▶ EXERCISE PROMPT
Every record needs to come back as written, except for the pictures.
........
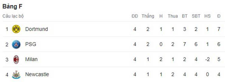 Bảng F thực sự xứng tầm bảng "tử thần" bởi sau 2 lượt trận gần nhất tình thế đã thay đổi. Newcastle sau chiến thắng oanh liệt trước PSG đã thua cả 2 trận gặp Dortmund và rơi xuống cuối bảng, trong khi Dortmund đã leo lên ngôi đầu và PSG với AC Milan lần lượt xếp sau. AC Milan trước lượt đấu này có nguy cơ bị loại nhưng trận thắng PSG 2-1 khiến họ chỉ kém PSG 1 điểm.
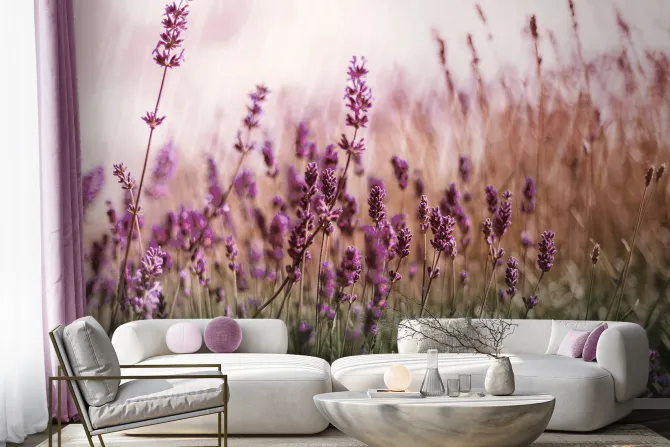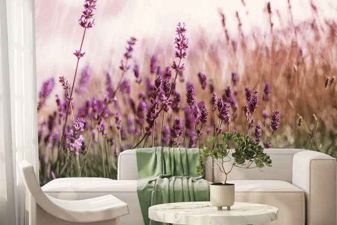 Fototapeta: Zielona łąka z kwiatami lawendy
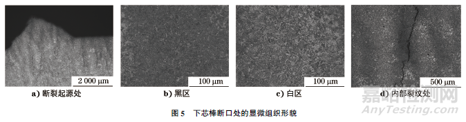 在下芯棒斷口處取樣,并進行金相檢驗,結果如圖5所示。由圖5可知:斷裂起源處可見一些微裂紋,起源處未見冶金缺陷,裂紋內未見夾雜物;試樣顯微組織不均勻,可見黑白區(qū),黑區(qū)顯微組織為索氏體,白區(qū)顯微組織為貝氏體;試樣內部可見鋸齒形裂紋,裂紋內未見非金屬夾雜物,裂紋處沒有發(fā)現明顯的缺陷;斷口的裂紋擴展形式為穿晶斷裂,判斷為脆性斷裂。
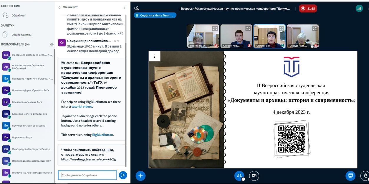4 декабря 2023 г. студентка группы 21ВД1 Максимова Екатерина приняла очное онлайн-участие во II Всероссийской студенческой научно-практической конференции «Документы и архивы: история и современность».
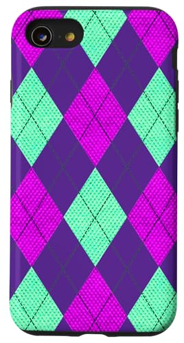 Argyle Preppy Rétro Vintage Années 80-50 Magenta et Vert Clair Coque pour iPhone SE (2020) / 7/8
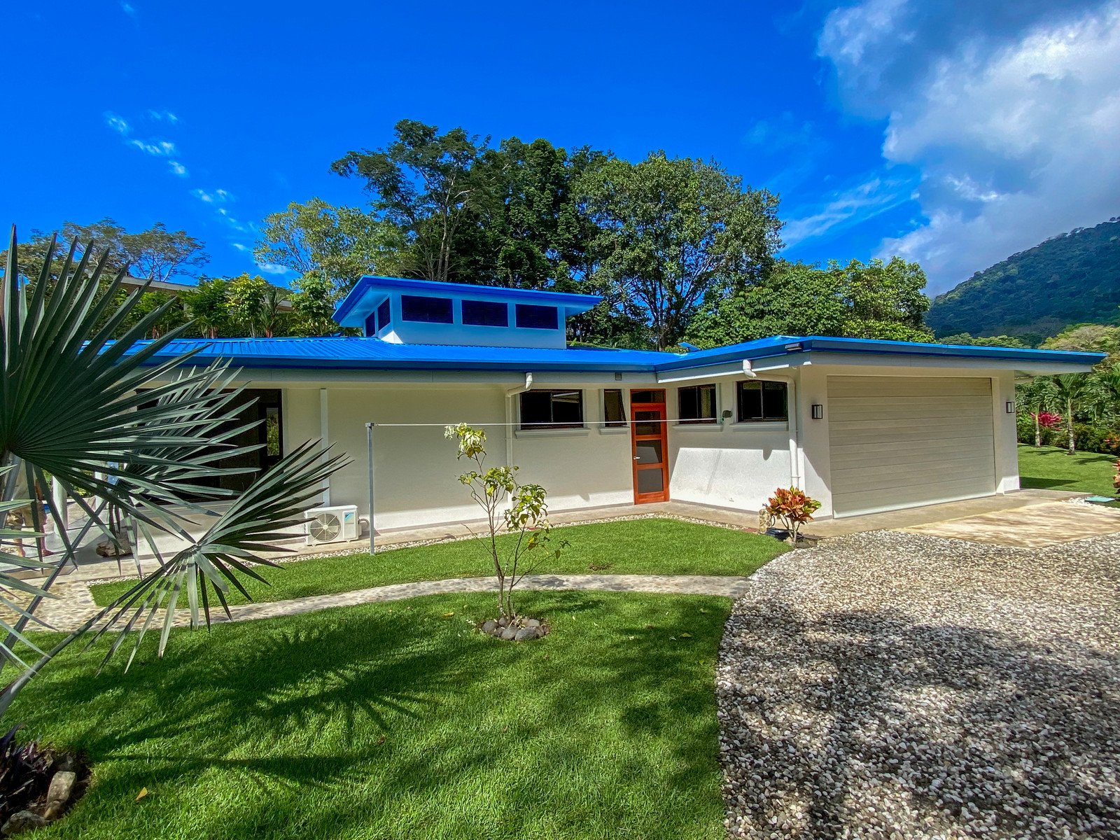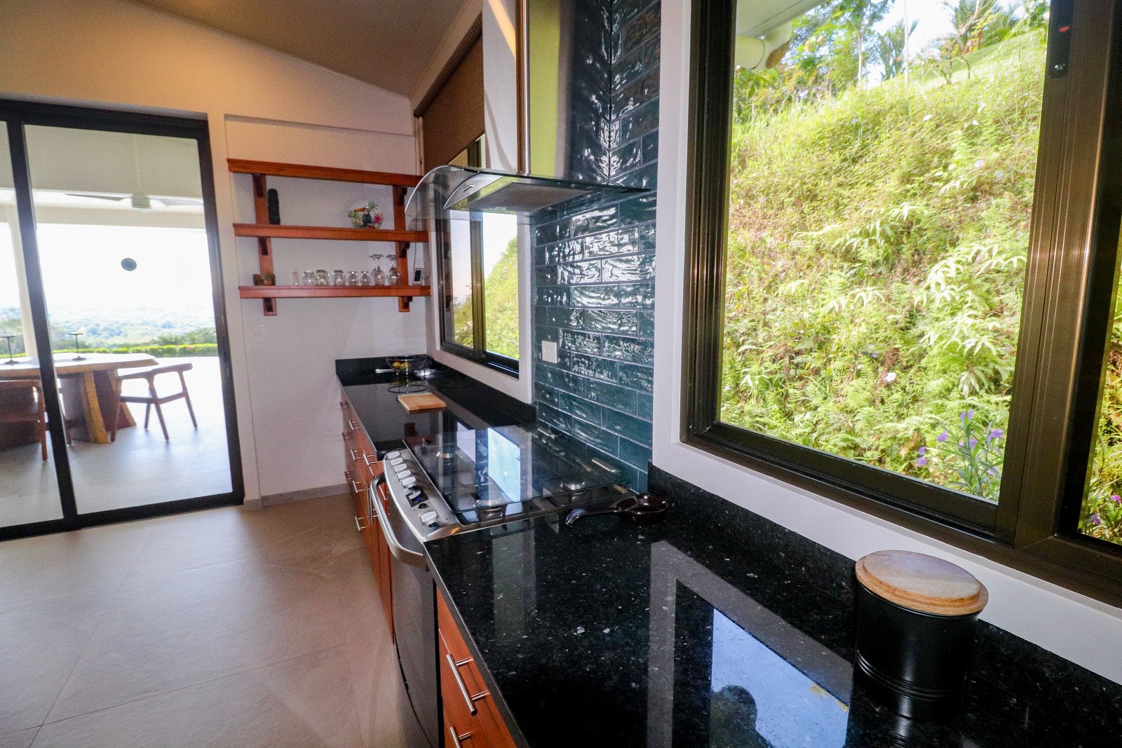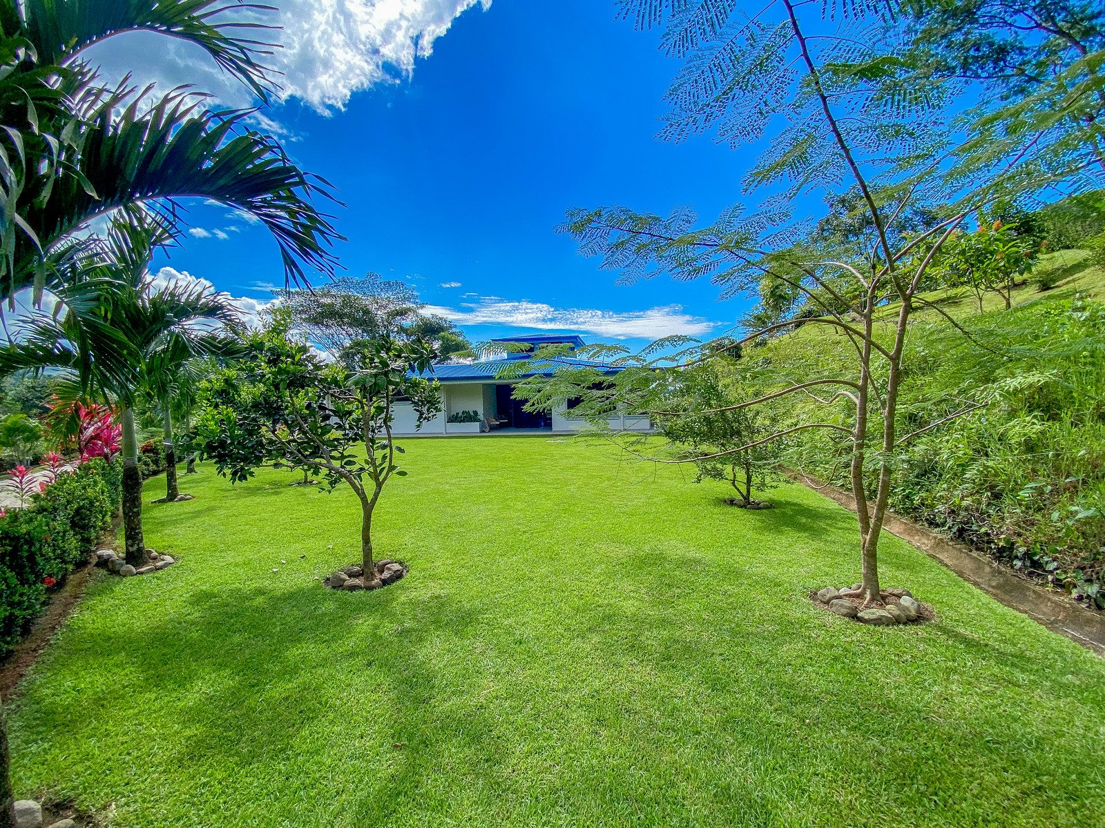 This brand-new home is a triumph of openness, convenience, beauty and design. The sturdy construction sits on a secure concrete pad with elegant marble cladding while the gorgeous Guanacaste lumber fit-outs bring warmth and refinement. The house is surrounded by parkland-like yards, tended hedges, and tropical trees & shrubs.
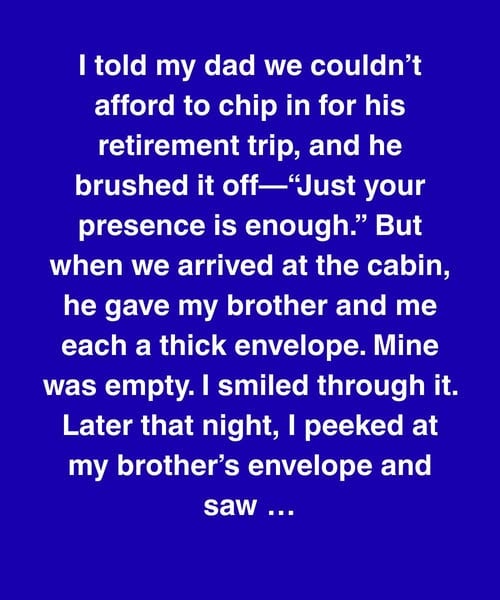 I told my dad we couldn’t afford to contribute to his retirement trip, and he brushed it off, saying our presence was enough. But when we arrived at the cabin, he handed my brother and me each an envelope—mine empty, his holding a $15,000 check. I kept my composure, but later that night I quietly checked his envelope just to be sure. Seeing the amount confirmed what I already feared, and although I put it back exactly where I found it, the weight of that moment stayed with me.
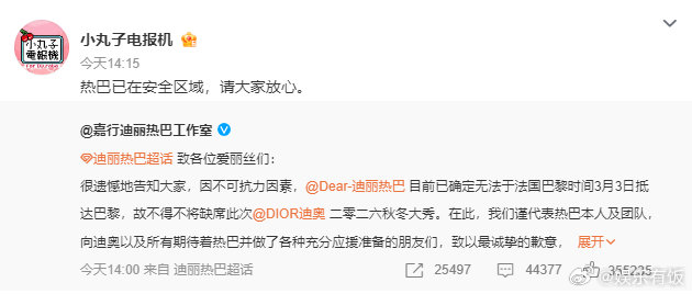 热巴目前一切平安迪丽热巴对接称已在安全区域 热巴对接号 刚刚转发了 的微博,明确告知热巴目前已在安全区域,请大家放心,一切平安。
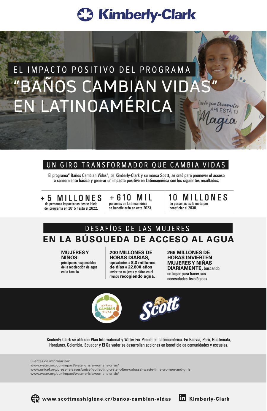 Como parte de su compromiso para abordar esta problemática de saneamiento, este año Kimberly-Clark, a través de su marca Scott® renovó la alianza con Water for People para continuar con las acciones de «Baños Cambian Vidas» en Bolivia, Perú, Guatemala y Honduras, y continúa trabajando con Plan International para el apoyo a Colombia, Ecuador y El Salvador. Desde su implementación, ha impactado a más de 5 millones de personas a nivel regional, y aspira alcanzar a más de 10 millones de vidas hacia el 2030.
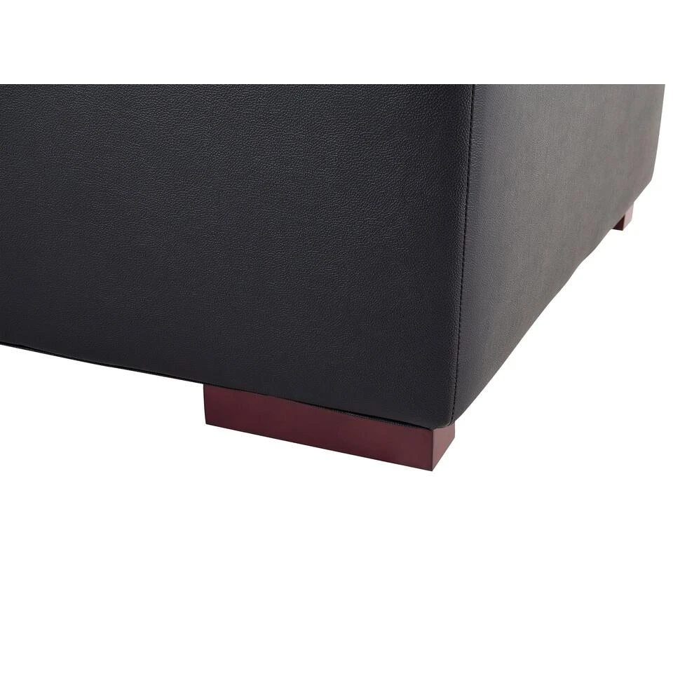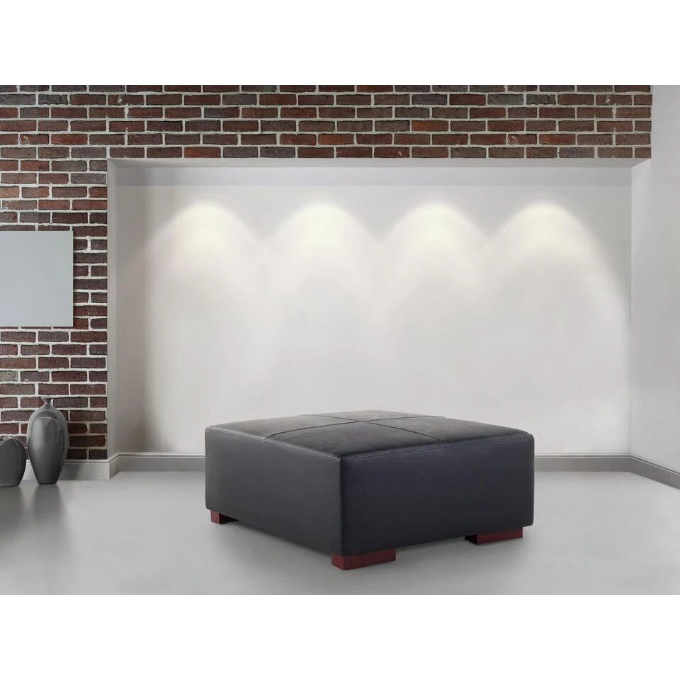 vierkant zwart leer Ottomaan. Deze zwartkleurige ottomaan is even veelzijdig als stijlvol. Je kunt er heerlijk op zitten, je kunt de hocker gebruiken als voetenbank of als bijzettafeltje om een dienblad met hapjes en drankjes op te zetten. Het zitvlak van de elegante poef heeft een cover van fijne koeienhuid, andere delen van de omslag zijn gemaakt van synthetisch leer. Dit zachte materiaal biedt een aangenaam zitcomfort. De hocker heeft geen naden, is onderhoudsvriendelijk en robuust. Vlekken veeg je er zo vanaf. De stevige poten van rubberboomhout zorgen ervoor dat je stabiel zit.
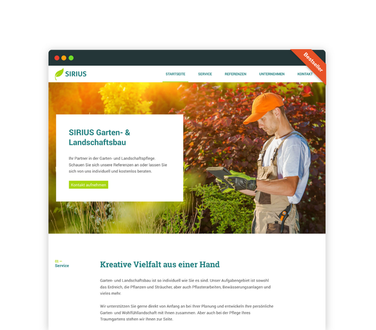Das Onepager Theme für maximale Effizienz. SIRIUS ist ideal, wenn du dein Unternehmen kurz, knackig und mit direktem Kontakt präsentieren willst. Perfekt für den schnellen Start, wenn es auf das Wesentliche ankommt.
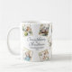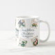 Revive el placer y el encanto de los queridos "doce días de Navidades con nuestra tradicional taza de café de vacaciones. Rodeada de ilustraciones pintorescos de una perdiz en un peral, dos palomas de tortuga, hasta los 12 tambores tamborileando, coronada con el dicho "cuenta regresiva a los navidades", el año, y tu apellido,
........
▶ FINISHED TASK
 Bảng F thực sự xứng tầm bảng "tử thần" bởi sau 2 lượt trận gần nhất tình thế đã thay đổi. Newcastle sau chiến thắng oanh liệt trước PSG đã thua cả 2 trận gặp Dortmund và rơi xuống cuối bảng, trong khi Dortmund đã leo lên ngôi đầu và PSG với AC Milan lần lượt xếp sau. AC Milan trước lượt đấu này có nguy cơ bị loại nhưng trận thắng PSG 2-1 khiến họ chỉ kém PSG 1 điểm.
 Fototapeta: Zielona łąka z kwiatami lawendy
 在下芯棒斷口處取樣,并進行金相檢驗,結果如圖5所示。由圖5可知:斷裂起源處可見一些微裂紋,起源處未見冶金缺陷,裂紋內未見夾雜物;試樣顯微組織不均勻,可見黑白區(qū),黑區(qū)顯微組織為索氏體,白區(qū)顯微組織為貝氏體;試樣內部可見鋸齒形裂紋,裂紋內未見非金屬夾雜物,裂紋處沒有發(fā)現明顯的缺陷;斷口的裂紋擴展形式為穿晶斷裂,判斷為脆性斷裂。
4 декабря 2023 г. студентка группы 21ВД1 Максимова Екатерина приняла очное онлайн-участие во II Всероссийской студенческой научно-практической конференции «Документы и архивы: история и современность».
 Argyle Preppy Rétro Vintage Années 80-50 Magenta et Vert Clair Coque pour iPhone SE (2020) / 7/8
 This brand-new home is a triumph of openness, convenience, beauty and design. The sturdy construction sits on a secure concrete pad with elegant marble cladding while the gorgeous Guanacaste lumber fit-outs bring warmth and refinement. The house is surrounded by parkland-like yards, tended hedges, and tropical trees & shrubs.
 I told my dad we couldn’t afford to contribute to his retirement trip, and he brushed it off, saying our presence was enough. But when we arrived at the cabin, he handed my brother and me each an envelope—mine empty, his holding a $15,000 check. I kept my composure, but later that night I quietly checked his envelope just to be sure. Seeing the amount confirmed what I already feared, and although I put it back exactly where I found it, the weight of that moment stayed with me.
 热巴目前一切平安迪丽热巴对接称已在安全区域 热巴对接号 刚刚转发了 的微博,明确告知热巴目前已在安全区域,请大家放心,一切平安。
 Como parte de su compromiso para abordar esta problemática de saneamiento, este año Kimberly-Clark, a través de su marca Scott® renovó la alianza con Water for People para continuar con las acciones de «Baños Cambian Vidas» en Bolivia, Perú, Guatemala y Honduras, y continúa trabajando con Plan International para el apoyo a Colombia, Ecuador y El Salvador. Desde su implementación, ha impactado a más de 5 millones de personas a nivel regional, y aspira alcanzar a más de 10 millones de vidas hacia el 2030.
 vierkant zwart leer Ottomaan. Deze zwartkleurige ottomaan is even veelzijdig als stijlvol. Je kunt er heerlijk op zitten, je kunt de hocker gebruiken als voetenbank of als bijzettafeltje om een dienblad met hapjes en drankjes op te zetten. Het zitvlak van de elegante poef heeft een cover van fijne koeienhuid, andere delen van de omslag zijn gemaakt van synthetisch leer. Dit zachte materiaal biedt een aangenaam zitcomfort. De hocker heeft geen naden, is onderhoudsvriendelijk en robuust. Vlekken veeg je er zo vanaf. De stevige poten van rubberboomhout zorgen ervoor dat je stabiel zit.
Das Onepager Theme für maximale Effizienz. SIRIUS ist ideal, wenn du dein Unternehmen kurz, knackig und mit direktem Kontakt präsentieren willst. Perfekt für den schnellen Start, wenn es auf das Wesentliche ankommt.
 Revive el placer y el encanto de los queridos "doce días de Navidades con nuestra tradicional taza de café de vacaciones. Rodeada de ilustraciones pintorescos de una perdiz en un peral, dos palomas de tortuga, hasta los 12 tambores tamborileando, coronada con el dicho "cuenta regresiva a los navidades", el año, y tu apellido,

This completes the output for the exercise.